Проводив в ссылку нового либерала петровского времени, остановимся пока и переведем дух. Пред нами громадный, нескончаемый ряд подобных дел, и мы бы никогда не кончили, если бы вздумали на основании их подымать все политические преступления первой четверти XVIII века. А между тем, кто не согласится с нами, кто не пожелает, чтобы эти дела все, одно за другим, явились на свет божий? Они во многом отношении проливают свет на русское общество той переходной эпохи… Толки и рассуждения пьяного и трезвого русского люда знакомят нас со взглядом различных сословий на личность Преобразователя, на его супругу, его приближенных, наконец, на самые преобразования…

19. Богохульник

Лютые пытки в то суровое время как бы порождали людей, способных переносить самые ужасные истязания, натуры железные, которые сами, очертя голову, как бы напрашивались на ряд всевозможных мучений. Без всякого повода, нередко без особой причины и умысла, эти люди извергали хулу на все святое, бранили земного владыку и тем самым делались преступниками первой важности, для которых, по тогдашним законам, не могло существовать пощады.

Нельзя сказать, чтоб эти люди всегда были раскольниками, постоянные преследования которых невольно вызывали ожесточение. Нет. Пред нами, например, посадский человек яицкого (уральского) городка Гурьева, Иван Орешников. Он вовсе не раскольник, но ожесточен неловко сложившеюся жизнью, неудачами, да, может быть, и горьким пенником – утешителем русского человека.

В 1721 году донес он в Астрахани на посадского человека Яковлева, торговца из кружевного ряда. «Отпускает он, – говорил Орешников, – в Хиву, между прочими товарами, свинец да порох». Яковлева допросили в таможне – извет оказался ложным. Орешникова били кнутом и сослали на три года в Гурьев.

Здесь, среди ссыльных поселенцев, естественно, нерасположенных к правительству, новый ссыльный несколько раз выражался насчет высоких лиц и предметов в самых крупных, непристойных выражениях: поносил веру, богохульствовал и избранивал «скаредною бранью» его царское величество.

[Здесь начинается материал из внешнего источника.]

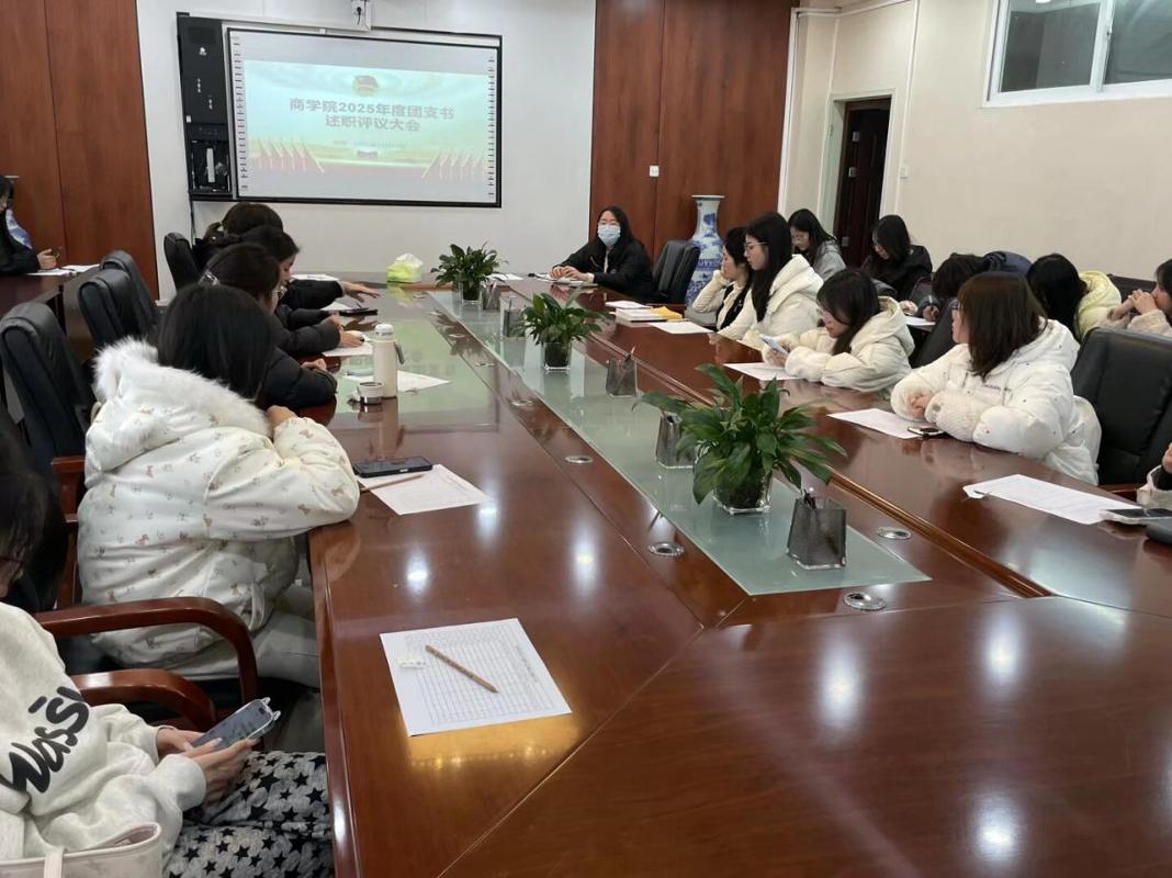 本网讯 为全面总结2025年度团支部工作成效,压实团支书责任担当,推动基层团组织建设提质增效,我院于12月17日顺利召开2025年度团支书述职评议大会。本次会议商学院团委书记寇燕、各班团支书及组织部全体成员共同参与。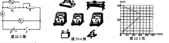①请根据电路题22-3图,用笔画线代替导线将题22-4图中的实验器材连接成实验电路,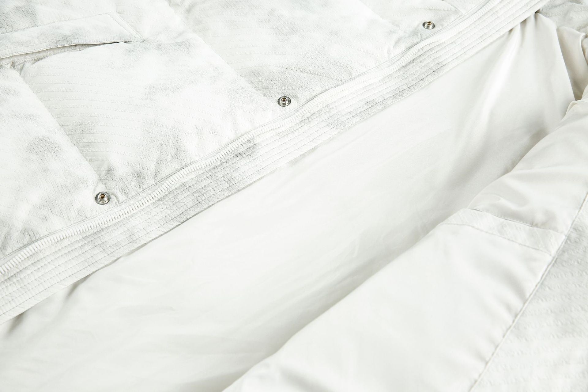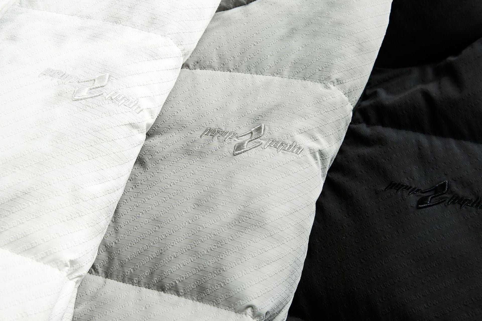 中綿にはホワイトダックダウン90%(126–157g)を採用し、軽量ながら高い保温性を確保。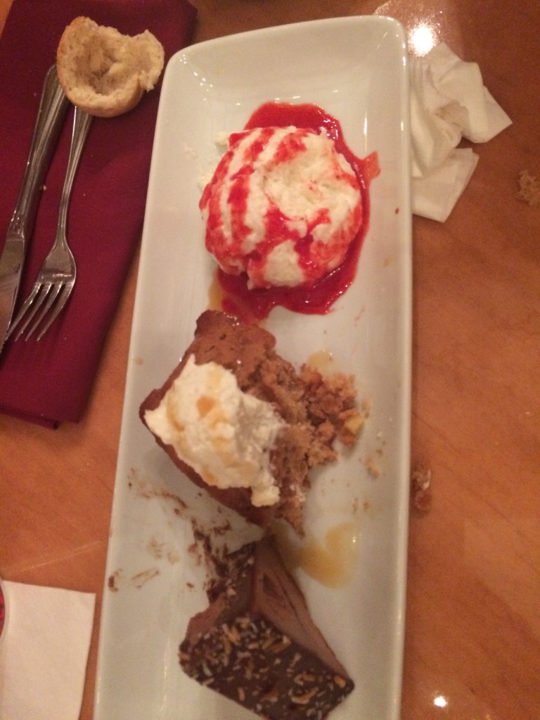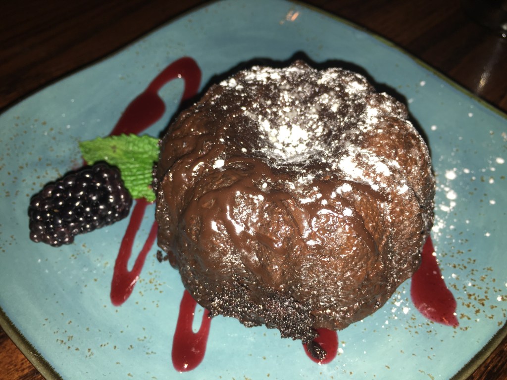 It was SO MUCH FOOD, but…we also shared a dessert! The chocolate lava cake was quite tasty and a nice way to finish the meal while enjoying the fireworks!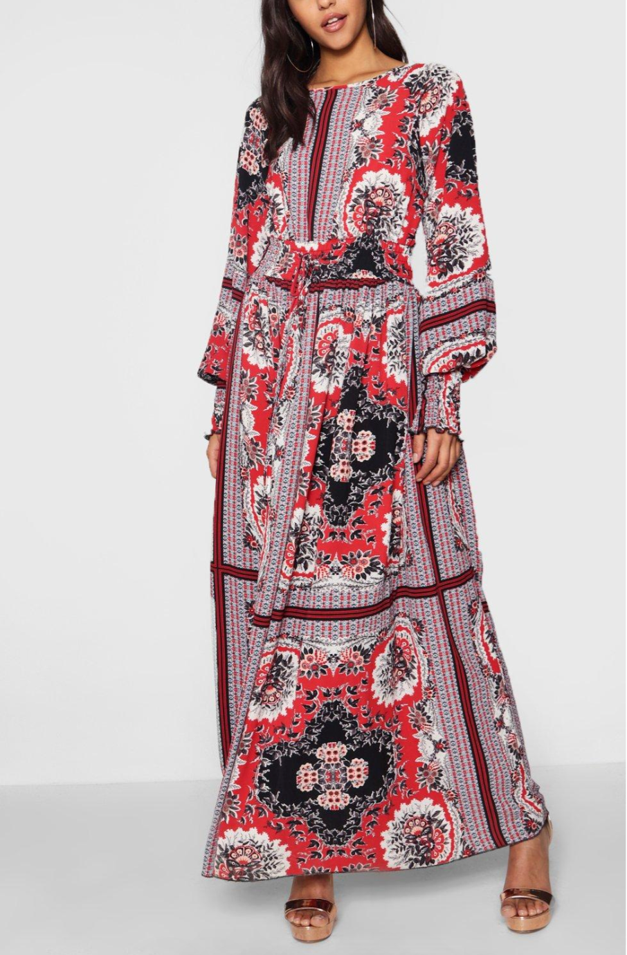 Printed Balloon Sleeve Maxi Red (L)

Такое поведение при крутом, неуживчивом характере поселенца не могло остаться безнаказанным, и на него послан в Астрахань донос «в богохулении и в невежных словах против высокой чести его царскаго величества».

«Слово и дело!»

Виновного привезли в мае того же года в Астрахань, бросили в тюрьму и, по приказу губернатора Артемия Петровича Волынского, пытали в застенке. Орешников сознался во всем, а Артемий Петрович поспешил препроводить в Тайную канцелярию экстракт из дела с просьбой учинить резолюцию.

Тем временем арестант сидит в особой казенке, получает кормовых по две деньги в сутки и, не видя исходу из своего положения, как бы обезумев от пытки и заточения, решается на новое преступление.

При одной из караульных смен, при сдаче, капрал приказал ему встать; Орешников отвечал ругательством, схватил капрала за галстух, стал душить, укусил руку и тут же, при всем карауле, всячески поносил веру и царское величество.

Новое преступление повлекло за собой новое объяснение в застенке со свежей пыткой.

Допрашиваемый сознал себя виновным.

Спустя несколько месяцев Волынский получил из Тайной канцелярии указ: «Освидетельствовать Орешникова посторонними людьми: не безумен ли он? Если окажется, что он в здравом уме, то его пытать трижды, выведывая, по чьему наущению он говорил? Оговоренных лиц пытать накрепко ж. А если то он учинил сам от себя, и зато, в силу первой статьи I главы Уложения, казнить его в Астрахани: „сжечь живаго“.

Артемий Петрович не решился, однако, учинить расправу и на основании высочайшего указа: всех, сказывающих за собой и за другими «слово и дело», отсылать в Преображенский приказ либо в Тайную канцелярию, – послал его в Петербург под строгим караулом, скованным по рукам и по ногам. Провожавшему его капитану дано кормовых и прогонов от Астрахани до Петербурга 5 руб. 13 алтын.

Вместе с государем и двором, отправившимся в Москву праздновать Ништадтский мир со Швецией, перевезли сюда важнейших колодников Тайной канцелярии. Между ними был Орешников. Судьи при первом с ним свидании положили: расспросить его в застенке под пыткой, так как он несколько раз и в разное время говорил злые слова о Пресвятой Богородице и про его царское величество.

Человеком опытным шел Орешников на дыбу: ему хорошо были знакомы и ремень, туго охватывавший ноги, и ручной хомут, вывертывавший руки, и бревно, просовывавшееся между ног, и кнут, столь часто кровавым следом бороздивший его спину.

– Для чего ты говорил те злые слова? Не было ли у тебя в тех словах согласников, кого ты знаешь? Скажи без утайки.

Надо думать, что пытка была страшная, со всеми тонкостями, со встряской на дыбе, с ошпариванием спины горячим веником, с растравлением язв солью, с завинчиванием пальцев и тому подобным. Орешников, изнемогая от боли, выкрикивал бог знает что – все это записывали; но лишь только давали ему отдых – он отпирался от своих слов.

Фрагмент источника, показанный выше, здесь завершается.